The output has to be the full set of records, reproduced exactly, minus any picture.

* * * * * * * * *

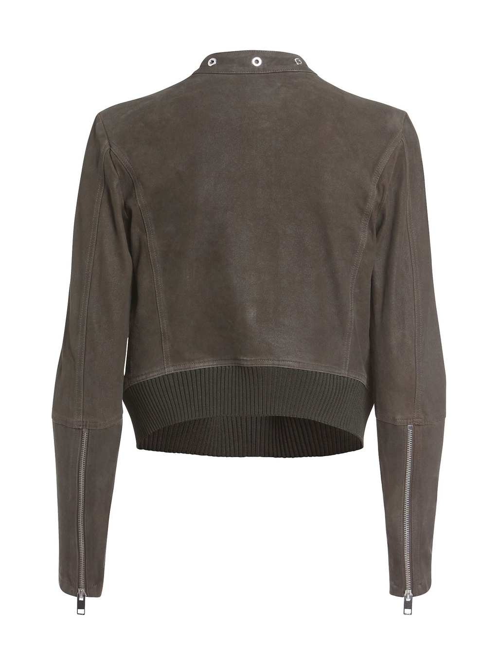 A regular fit, this jacket has two zip pockets, snap button collar & a two-way zip closure. Featuring an eyelet punctuated collar & cropped style.
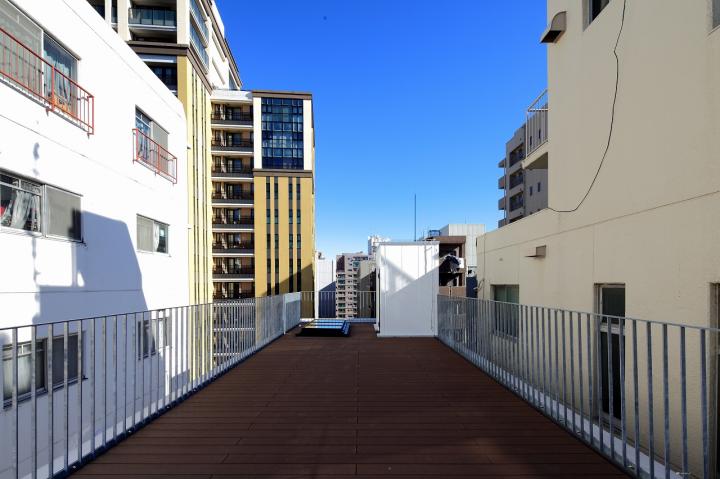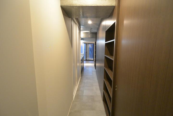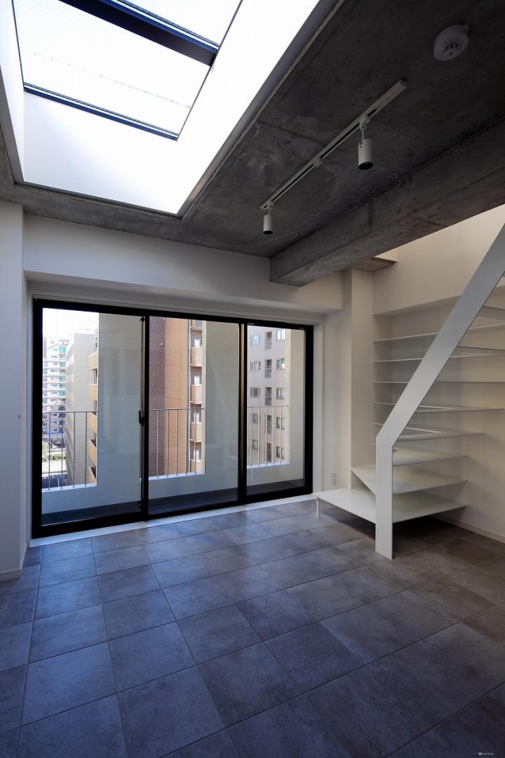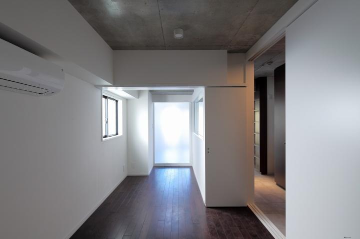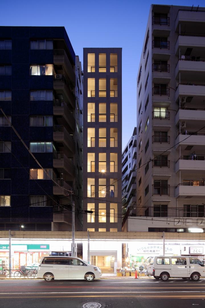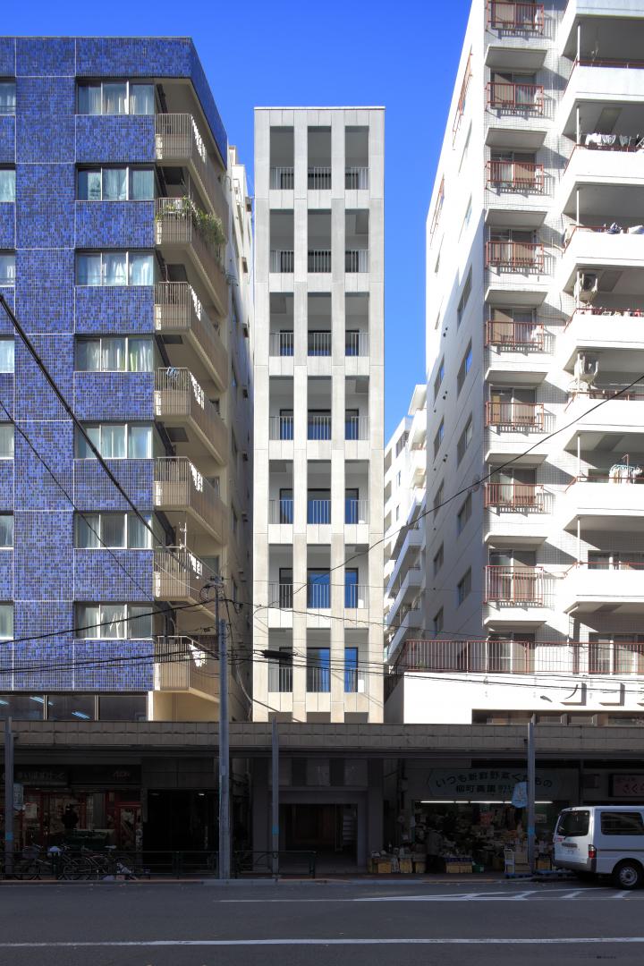 地上9階建ての集合住宅です。 この建物の特徴は、立地する敷地の間口5mという狭さにあります。 建築の容積を最大に計画したことで生じる、細長いプロポーションのファサードに、比率を揃えた開口をあけ、スケールの大きな格子窓のようにデザインすることで、奥行きのある表情を建物の内外の間に持たせることができました。また各住戸のプランは約13mの住戸内の奥行きを活かす工夫をしています。廊下はタイル敷きの土間状空間とすることで、玄関から道路側のテラスまでが見通せる開放的な空間としています。収納やキッチンは部屋内に設けず、この廊下に面して設けることで、各部屋をNLDの概念にとらわれない自由な構成としています。
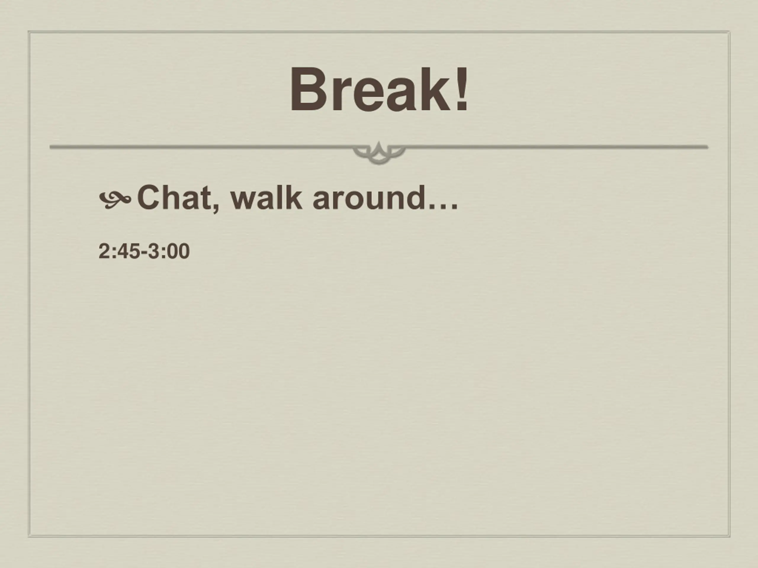 Break! Chat, walk around 2:45-3:00
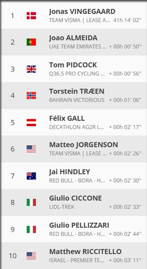 Fisher Black, Jay Hinley, Pellizzari se postent dans les premières positions ou revient Bernal. les UAE et Vingegaard coôte à côte
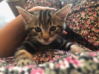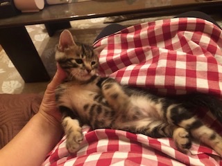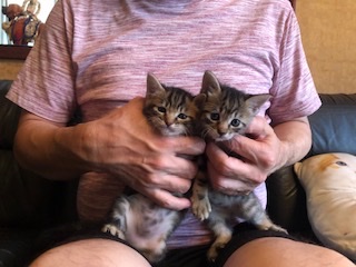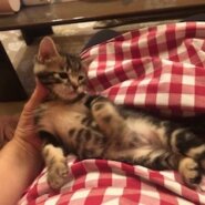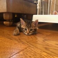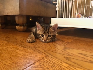食欲もあり、良く遊んで、とても元気で運動神経抜群です。ナデナデや抱っこもでき、賢い甘えん坊です。仲良しの妹エミリーと一緒に迎えてくださるご家族様を希望します。まだ小さな子猫なので、高齢者様、単身者様、お留守番の長いお家の方は、ご遠慮ください。
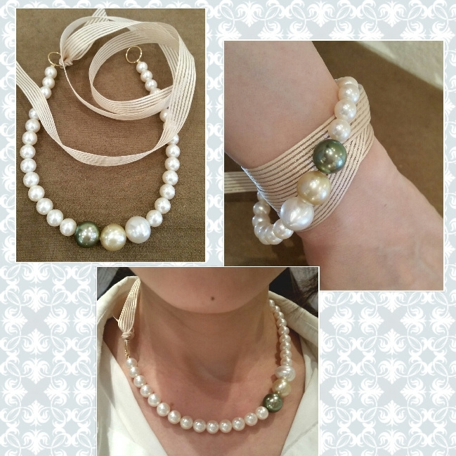 お客様の持っておられたパールネックレスにバロック南洋真珠を入れてリフォームしました。ブレスレットにもネックレスにも・・・お好きなリボン等を付けて楽しんで頂けます。
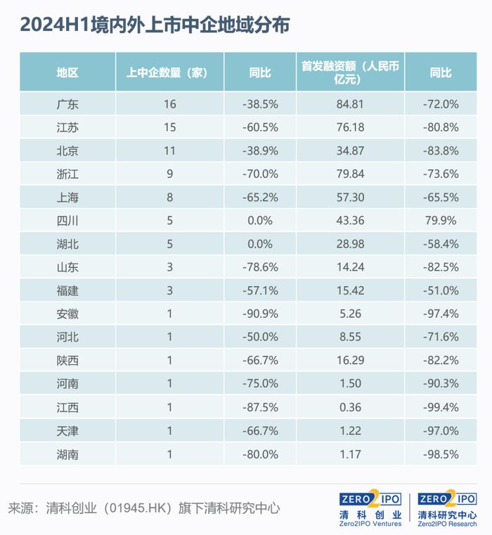 从上市数量来看,广东以16家中企上市的成绩排名第一,江苏和北京次之。首发融资额方面,广东、浙江和江苏居于前列,三个地区合计融资240.82亿元,占比全市场51.3%。
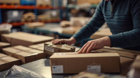 Close-up of delivery person packing box for customer in the workshop
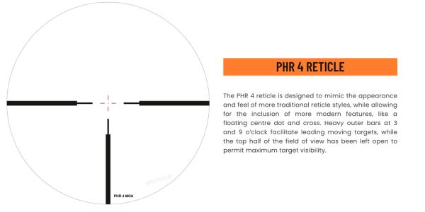 - PHR 4 Reticle – Bold outer posts and fine inner lines deliver fast target acquisition and accurate leads
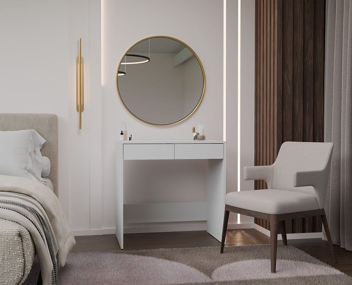 Weitere Möglichkeiten:In der Angebotspalette ist der Schreibtisch auch mit Spiegel und LED-Beleuchtung erhältlich (kompletter Schminktisch).
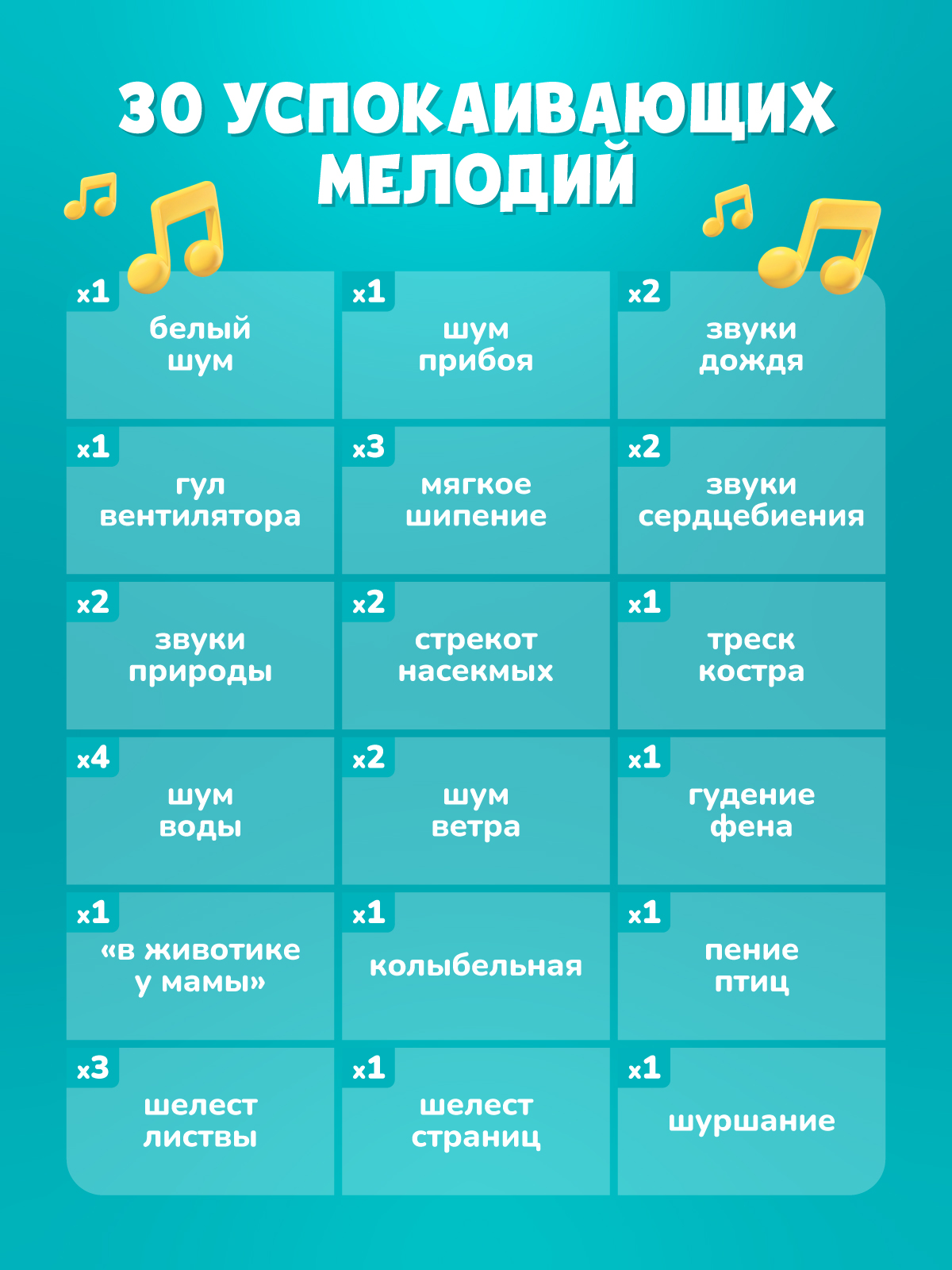 - Звуковая палитра для релаксации. 30 запатентованных мелодий: умиротворяющие звуки природы (треск костра, стрекот цикад и т.д.) и звуки окружающей среды (мерный гул фена, шелест страниц и т.д.), а также белый шум для новорождённых с уникальным инструментальным сопровождением. Они подходят для медитаций и дыхательных практик или в качестве фона для спокойного детского сна.

* * * * * * * * *

◆ RESULT FOR THIS EXERCISE ◆
 A regular fit, this jacket has two zip pockets, snap button collar & a two-way zip closure. Featuring an eyelet punctuated collar & cropped style.
 地上9階建ての集合住宅です。 この建物の特徴は、立地する敷地の間口5mという狭さにあります。 建築の容積を最大に計画したことで生じる、細長いプロポーションのファサードに、比率を揃えた開口をあけ、スケールの大きな格子窓のようにデザインすることで、奥行きのある表情を建物の内外の間に持たせることができました。また各住戸のプランは約13mの住戸内の奥行きを活かす工夫をしています。廊下はタイル敷きの土間状空間とすることで、玄関から道路側のテラスまでが見通せる開放的な空間としています。収納やキッチンは部屋内に設けず、この廊下に面して設けることで、各部屋をNLDの概念にとらわれない自由な構成としています。
 Break! Chat, walk around 2:45-3:00
 Fisher Black, Jay Hinley, Pellizzari se postent dans les premières positions ou revient Bernal. les UAE et Vingegaard coôte à côte
食欲もあり、良く遊んで、とても元気で運動神経抜群です。ナデナデや抱っこもでき、賢い甘えん坊です。仲良しの妹エミリーと一緒に迎えてくださるご家族様を希望します。まだ小さな子猫なので、高齢者様、単身者様、お留守番の長いお家の方は、ご遠慮ください。
 お客様の持っておられたパールネックレスにバロック南洋真珠を入れてリフォームしました。ブレスレットにもネックレスにも・・・お好きなリボン等を付けて楽しんで頂けます。
 从上市数量来看,广东以16家中企上市的成绩排名第一,江苏和北京次之。首发融资额方面,广东、浙江和江苏居于前列,三个地区合计融资240.82亿元,占比全市场51.3%。
 Close-up of delivery person packing box for customer in the workshop
 - PHR 4 Reticle – Bold outer posts and fine inner lines deliver fast target acquisition and accurate leads
 Weitere Möglichkeiten:In der Angebotspalette ist der Schreibtisch auch mit Spiegel und LED-Beleuchtung erhältlich (kompletter Schminktisch).
 - Звуковая палитра для релаксации. 30 запатентованных мелодий: умиротворяющие звуки природы (треск костра, стрекот цикад и т.д.) и звуки окружающей среды (мерный гул фена, шелест страниц и т.д.), а также белый шум для новорождённых с уникальным инструментальным сопровождением. Они подходят для медитаций и дыхательных практик или в качестве фона для спокойного детского сна.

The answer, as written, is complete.